Pilbara’s offtake agreement with Great Wall is the first investment deal by an automaker into an upstream supplier of lithium raw materials. Until now, offtake agreements have generally been with chemical manufacturers and traders rather than car manufacturers.
It should come as no surprise that a Chinese firm was the first to secure a supply deal, as the country is a leader in the electric car space. China produced and sold more than 28 million cars last year, according to the International Organization of Motor Vehicle Manufacturers, and has set goals for electric and plug-in hybrid cars to make up at least a fifth of its auto sales by 2025.
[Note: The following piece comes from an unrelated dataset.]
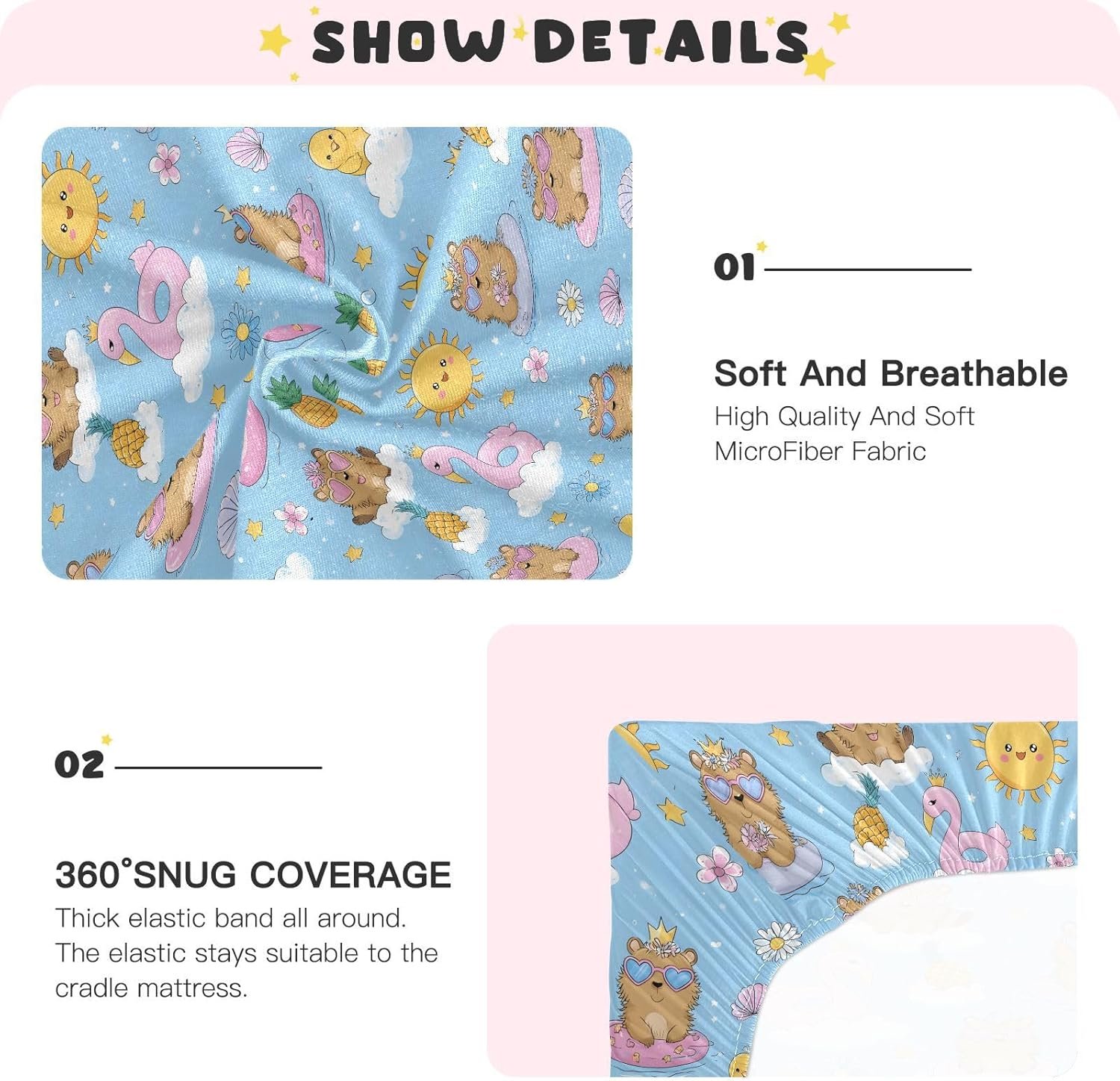 Available in Two Sizes to Fit Your Nursery Needs: Our crib bassinet sheets are available in two sizes: Size S (25x24x4cm) fits smaller cribs or bassinets, while Size M (28x34x6.5cm) fits most standard crib and pack n play mattresses. A perfect fit wherever your baby rests or plays,making them versatile for home, travel cribs, playards, and more

“While this deal reflects the remarkable progress being made in China, we are also witnessing increasing interest from battery and automobile manufacturers outside of China looking to secure their future lithium requirements, in response to an increasing global market shift towards electric vehicles and off-grid storage,” Brinsden added.
Sales of electric vehicles are expected to reach 14.2 million units in 2025 from under 1 million units this year, according to UBS (NYSE:UBS) analysts. As a result, demand for lithium, a key component in batteries used to power these vehicles, is forecast to soar.
“Manufacturers are scaling ­capacity four to five times by 2020 and potentially up to 10 times by 2025,” UBS analysts recently said. “Securing raw material supply is taking precedence over price in supplier negotiations.”
Meanwhile, lithium expert Chris Berry said on Twitter that security of supply is still underappreciated. “[It’s] going to be interesting to see how/if other automakers move to secure raw material access,” he commented after Pilbara’s announcement.
Because of the offtake agreement Pilbara will raise its processing capacity from 2 million tonnes a year to 5 million tonnes. At that level, it could reach 800,000 tonnes a year of spodumene concentrate.
On Thursday, shares of Pilbara closed up 1.3 percent in Sydney at AU$0.54. The company has been rising since the beginning of the year, and is up 9.4 percent year-to-date.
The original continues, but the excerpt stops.